What the task requires. Give back exactly the line containing "一天之前,國王記者Carmi" and all that follow it in the data below, with the pictures left out.

Data shown.

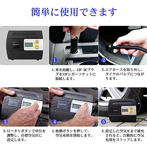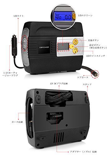 - 【多車種対応・2年保証】付属ノズルで、ホール・浮き輪・自転車・オートバイク・自動車・RV、SUV、 ATVなどものにご使用いただけ、用途によって使い分けることができます。また、ご購入時から2年保証あり、DBPOWERは万全のアフタサービスを提供しておりますので、ご注文をお待ちしております。
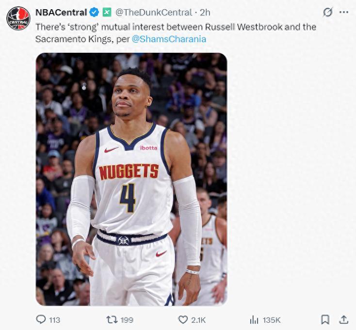 一天之前,國王記者Carmichael Dave曾透露,威少收到一份來自中國球隊的報價,這份報價大約是國王能給出的四倍之多,而且這份合約只有半個賽季。(但從今天的消息來看,威少還想希望在NBA打球)
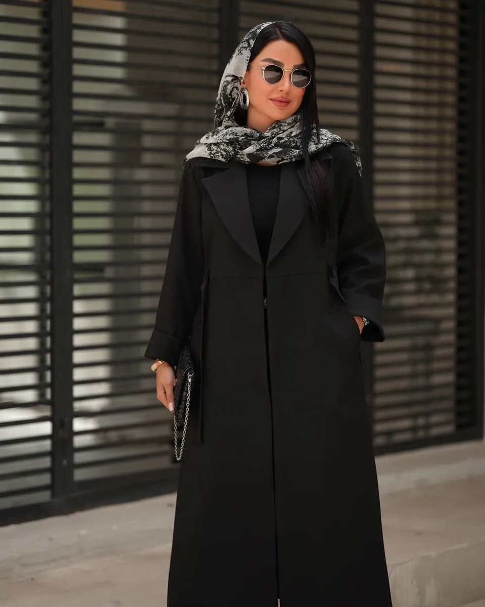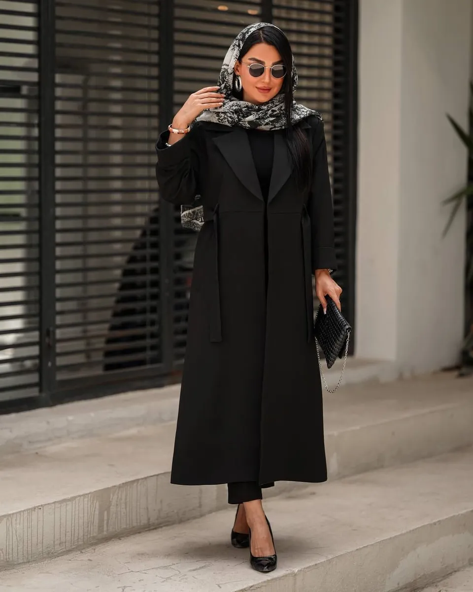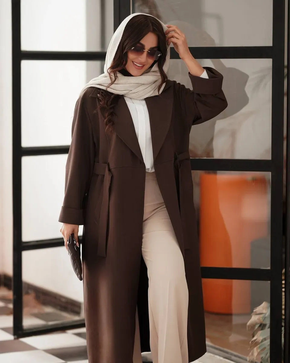 - مدل طراحی: کت ماکسی یقه انگلیسی، کمردار

Exercise answer.
 一天之前,國王記者Carmichael Dave曾透露,威少收到一份來自中國球隊的報價,這份報價大約是國王能給出的四倍之多,而且這份合約只有半個賽季。(但從今天的消息來看,威少還想希望在NBA打球)
 - مدل طراحی: کت ماکسی یقه انگلیسی، کمردار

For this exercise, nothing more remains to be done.